Словом, к двум часам дня я уже собралась и, сев в приготовленные сани, отправилась к Селезневым. Город был разукрашен по-праздничному: афишами, гирляндами, огнями, яркими шарами, развешенными на уличных фонарях. Всюду прогуливалась нарядная публика, в общем, Масленица, один из любимейших в народе праздников, чувствовалась повсюду.

Селезневы были уже в сборе. Но, как выяснилось, Ника с нами не поедет. Глаша сказала, что нынче он плохо спал и кашлял, потому было решено оставить его дома вместе с ней. Мальчик действительно выглядел бледным и осунувшимся, к нему вызывали с утра доктора и тот прописал постельный режим и микстуру.

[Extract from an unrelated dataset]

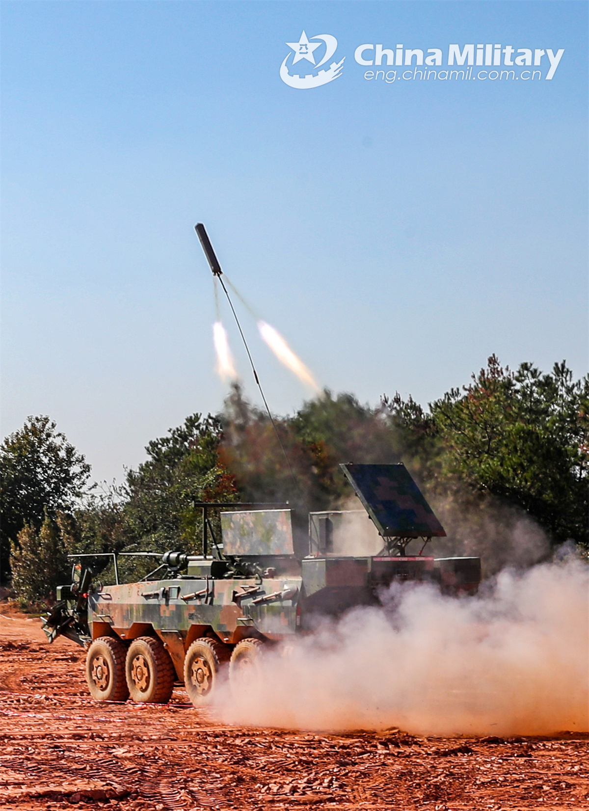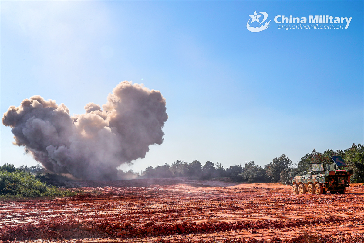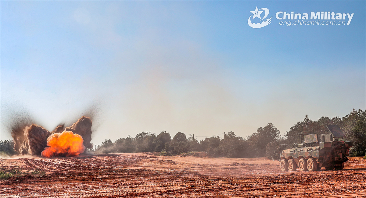 An integrated minesweeping vehicle attached to an engineer element of a brigade under the Chinese PLA 72nd Group Army fires a wire-guided minesweeping explosive device towards the obstacle area during a minesweeping operation on November 26, 2024. (eng.chinamil.com.cn/Photo by Zhang Mao)

Однако наша небольшая процессия все же направилась на площадь. В мои сани сели мы с Елизаветой Михайловной и Катюшей, а генерал взял к себе в возок столичного родственника. Молодой человек все еще нервничал в обществе Валерия Никифоровича, чем, как я уже заметила, начинал раздражать героя войны, страсть как не любившего подобные экивоки.

Мы прибыли на площадь и смешались с пестрой праздничной толпой. Гуляния были в самом разгаре. Несколько раз подряд покатались на аттракционах, особенно понравились нам с Катей «дилижаны», на которых мы, с захватывающим дух ощущением, съезжали с крутой деревянной горки. Затем смотрели на страшного, абсолютно черного, одетого в длинный кожаный фартук, басурмана, изрыгающего изо рта языки пламени; на шпагоглотателя в белых шальварах и ярком желтом халате с бритой головой; на огромного бурого медведя с медным кольцом в носу, которого водил за собой бородатый взъерошенный цыган в заячьей куцавейке; на представление скоморохов; на потешного Петрушку. И, конечно же, ели блины: с медом, со сметаной, с икрой, с кашей, запивая все это горячим сбитнем. Словом, мы веселились, как и положено на бесшабашной Сырной неделе, и совершенно не заметили, как день начал тускнеть и близиться к вечеру.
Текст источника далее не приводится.